Task to complete: In the records below, find the line with "After this southern" and repeat exactly every line from it through the line with "シリーズの機能性はそのままに". Pictures stay out.

Dataset entries:

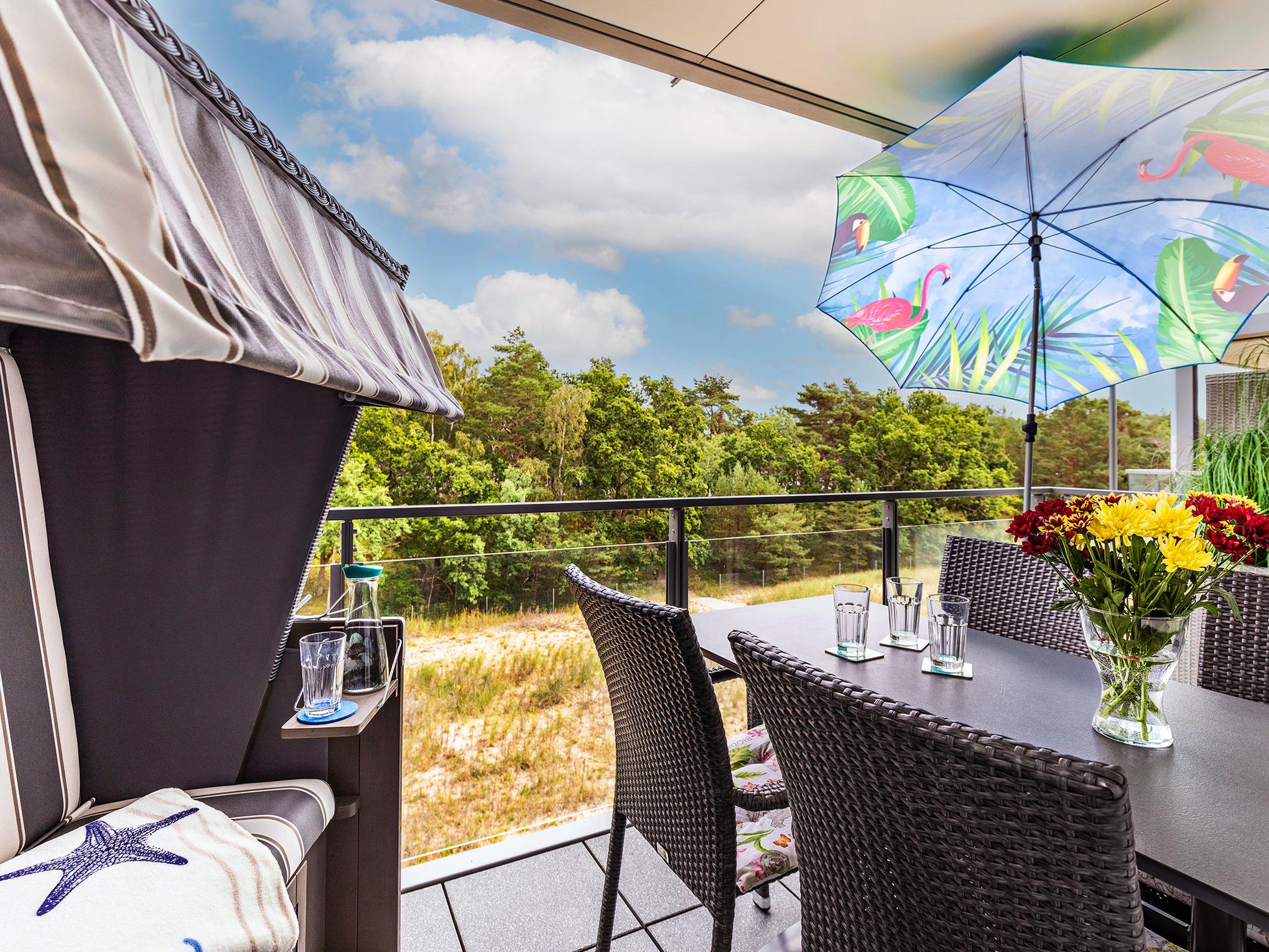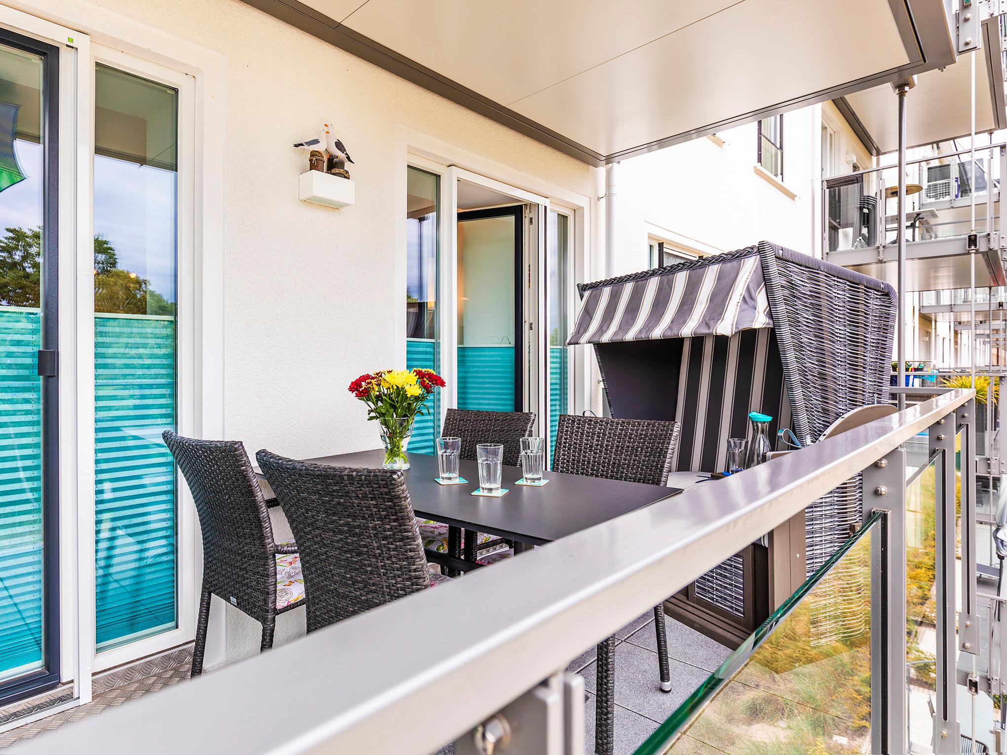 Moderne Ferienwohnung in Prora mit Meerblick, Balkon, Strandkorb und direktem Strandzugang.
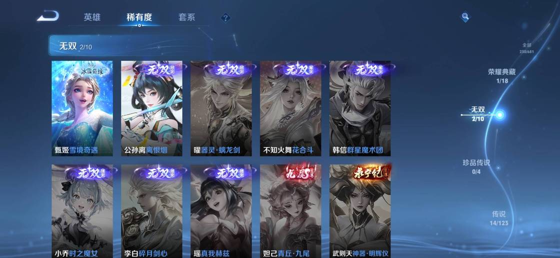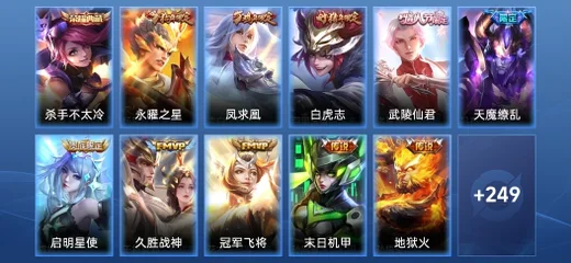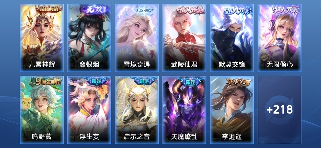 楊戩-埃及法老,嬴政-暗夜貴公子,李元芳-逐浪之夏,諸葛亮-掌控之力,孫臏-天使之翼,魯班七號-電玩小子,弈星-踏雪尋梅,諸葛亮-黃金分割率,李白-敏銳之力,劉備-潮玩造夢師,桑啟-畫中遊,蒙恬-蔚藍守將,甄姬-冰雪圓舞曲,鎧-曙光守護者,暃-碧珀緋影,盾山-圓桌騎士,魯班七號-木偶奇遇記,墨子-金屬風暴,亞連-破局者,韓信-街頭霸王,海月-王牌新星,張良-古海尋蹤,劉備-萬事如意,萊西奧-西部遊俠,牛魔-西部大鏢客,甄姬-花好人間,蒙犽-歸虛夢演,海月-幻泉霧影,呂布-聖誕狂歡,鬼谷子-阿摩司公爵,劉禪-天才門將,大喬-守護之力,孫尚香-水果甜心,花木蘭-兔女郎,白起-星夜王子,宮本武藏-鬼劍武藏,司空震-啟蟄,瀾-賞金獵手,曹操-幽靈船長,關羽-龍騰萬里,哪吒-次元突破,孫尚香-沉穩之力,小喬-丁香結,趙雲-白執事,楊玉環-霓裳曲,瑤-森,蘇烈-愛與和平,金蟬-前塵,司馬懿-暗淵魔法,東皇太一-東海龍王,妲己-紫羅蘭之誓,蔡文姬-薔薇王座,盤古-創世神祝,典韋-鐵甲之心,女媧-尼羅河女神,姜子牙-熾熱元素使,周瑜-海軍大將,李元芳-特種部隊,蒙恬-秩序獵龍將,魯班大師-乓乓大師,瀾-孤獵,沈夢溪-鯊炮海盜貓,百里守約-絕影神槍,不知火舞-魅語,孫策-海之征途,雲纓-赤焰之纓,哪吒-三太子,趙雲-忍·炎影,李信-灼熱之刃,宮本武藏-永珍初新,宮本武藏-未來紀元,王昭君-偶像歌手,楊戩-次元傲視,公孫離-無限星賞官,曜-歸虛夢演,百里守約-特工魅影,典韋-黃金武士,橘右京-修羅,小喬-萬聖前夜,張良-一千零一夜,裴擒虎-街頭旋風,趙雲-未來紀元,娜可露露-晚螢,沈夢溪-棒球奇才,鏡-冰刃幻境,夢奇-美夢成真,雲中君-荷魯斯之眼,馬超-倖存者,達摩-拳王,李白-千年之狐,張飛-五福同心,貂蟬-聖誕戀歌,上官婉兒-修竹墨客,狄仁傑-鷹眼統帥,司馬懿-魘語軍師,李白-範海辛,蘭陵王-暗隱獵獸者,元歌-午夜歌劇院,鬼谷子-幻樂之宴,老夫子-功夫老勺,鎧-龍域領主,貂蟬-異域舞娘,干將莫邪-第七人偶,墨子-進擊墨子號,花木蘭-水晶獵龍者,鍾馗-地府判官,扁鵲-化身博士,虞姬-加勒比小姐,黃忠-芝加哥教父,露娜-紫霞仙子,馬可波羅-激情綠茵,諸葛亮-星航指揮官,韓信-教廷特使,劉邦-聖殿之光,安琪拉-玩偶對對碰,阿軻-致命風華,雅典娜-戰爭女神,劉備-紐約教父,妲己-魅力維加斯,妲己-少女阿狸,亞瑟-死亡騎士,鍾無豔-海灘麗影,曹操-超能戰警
--
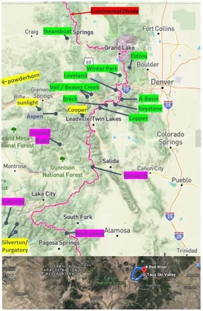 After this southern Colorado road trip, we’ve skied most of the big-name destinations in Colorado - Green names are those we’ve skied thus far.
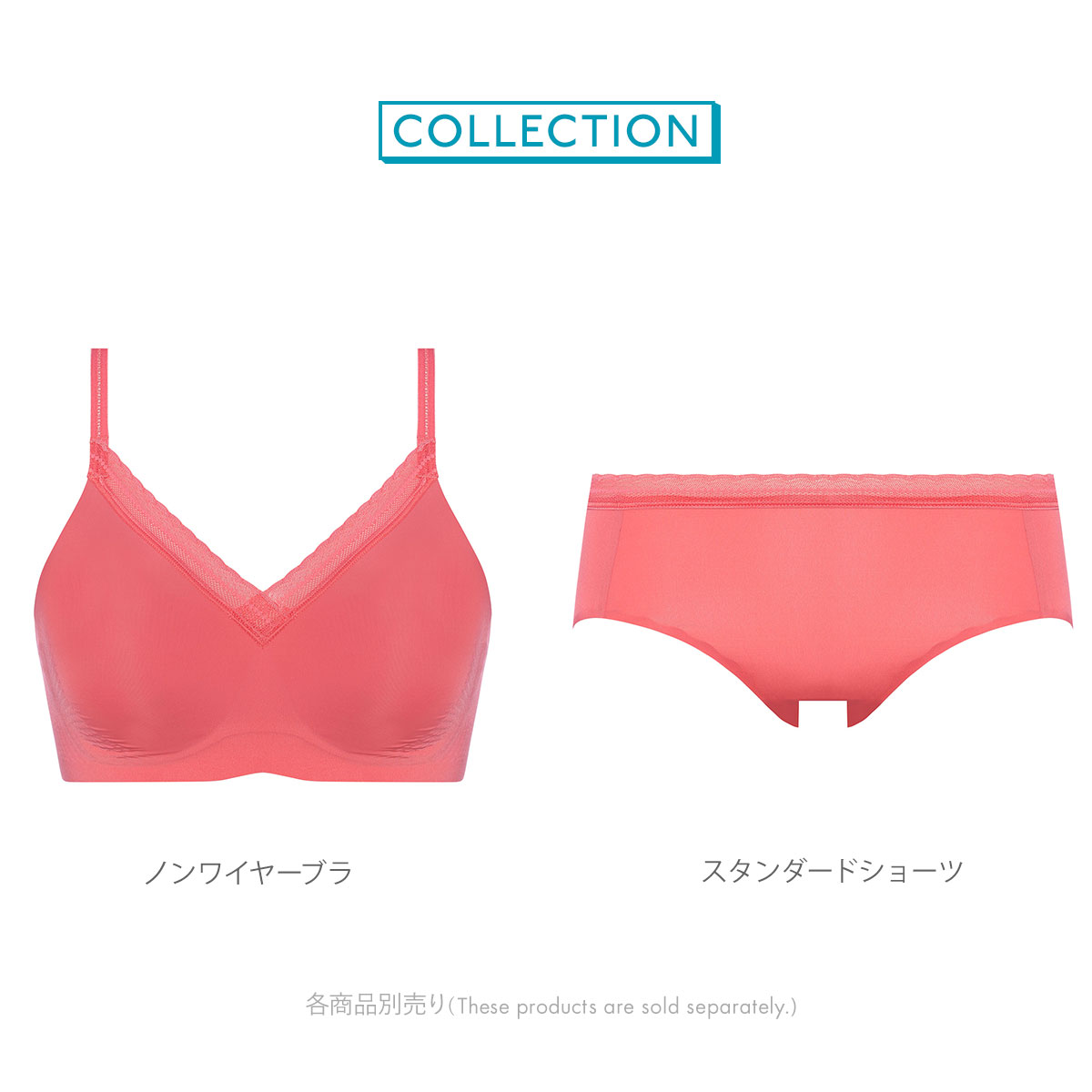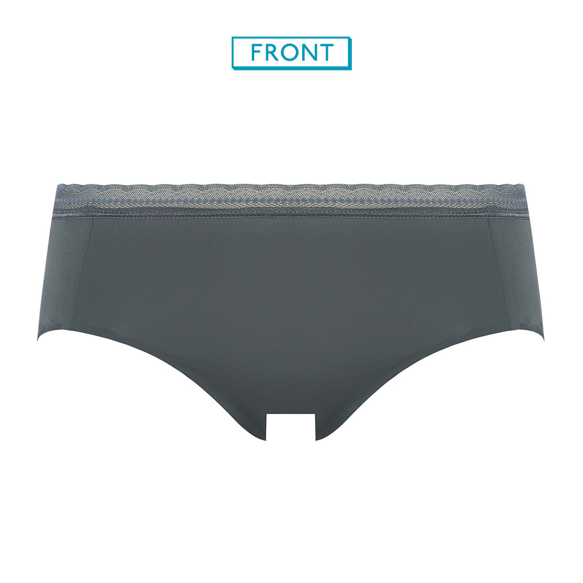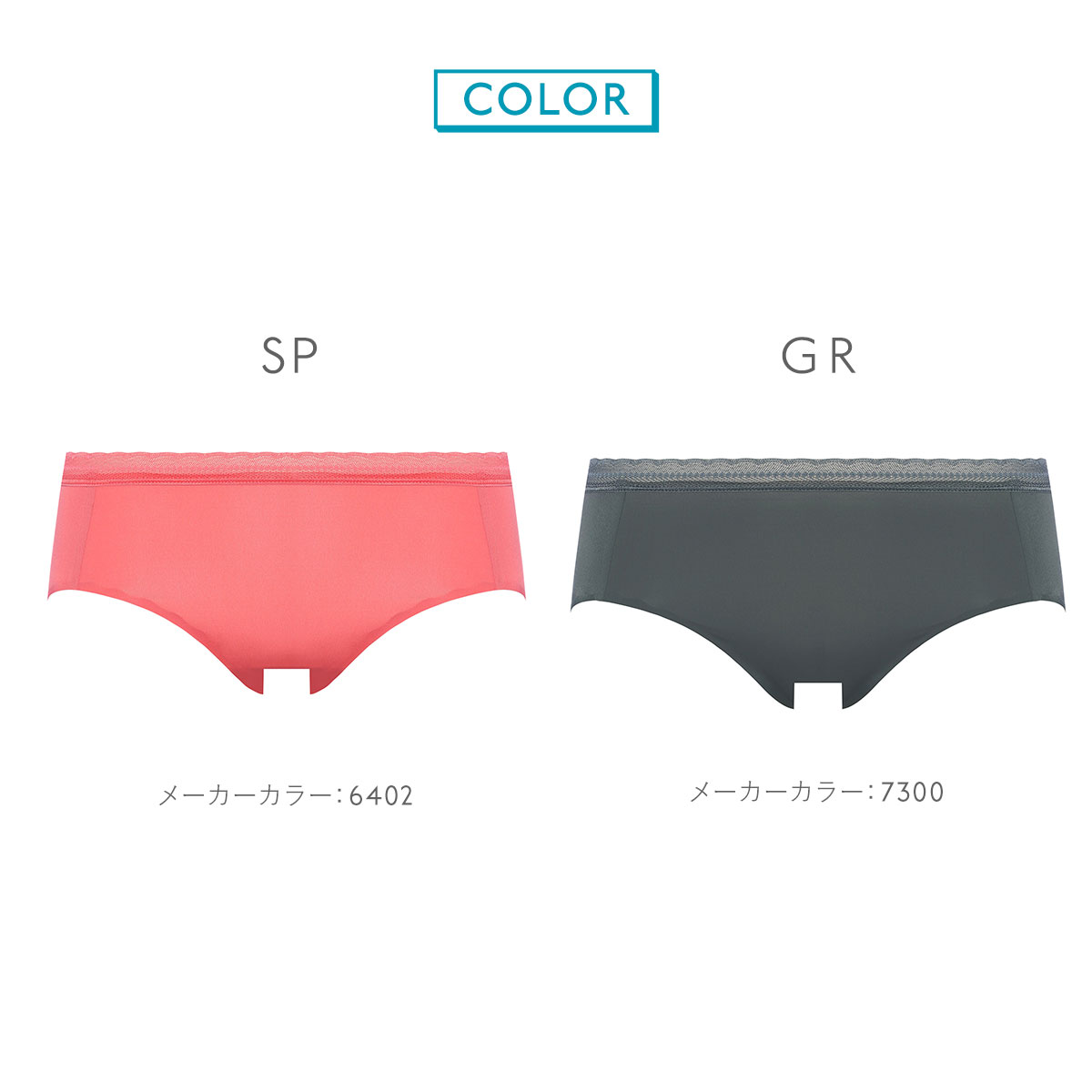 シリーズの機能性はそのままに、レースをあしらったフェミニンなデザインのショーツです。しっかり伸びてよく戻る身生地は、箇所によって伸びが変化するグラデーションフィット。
* * *
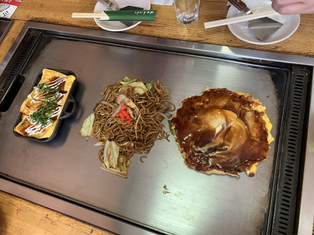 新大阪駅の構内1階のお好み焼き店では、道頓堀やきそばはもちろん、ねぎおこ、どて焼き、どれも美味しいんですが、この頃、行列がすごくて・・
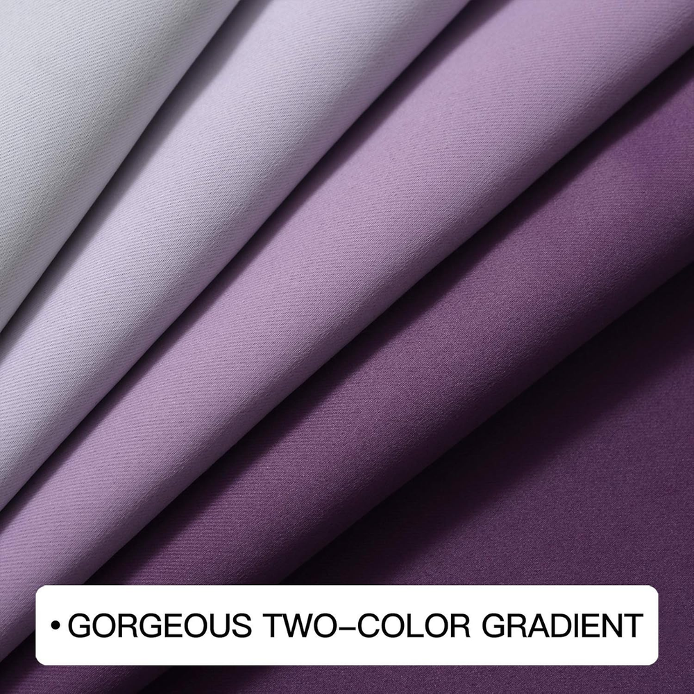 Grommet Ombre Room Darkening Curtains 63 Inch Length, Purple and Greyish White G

Finished exercise:
 After this southern Colorado road trip, we’ve skied most of the big-name destinations in Colorado - Green names are those we’ve skied thus far.
 シリーズの機能性はそのままに、レースをあしらったフェミニンなデザインのショーツです。しっかり伸びてよく戻る身生地は、箇所によって伸びが変化するグラデーションフィット。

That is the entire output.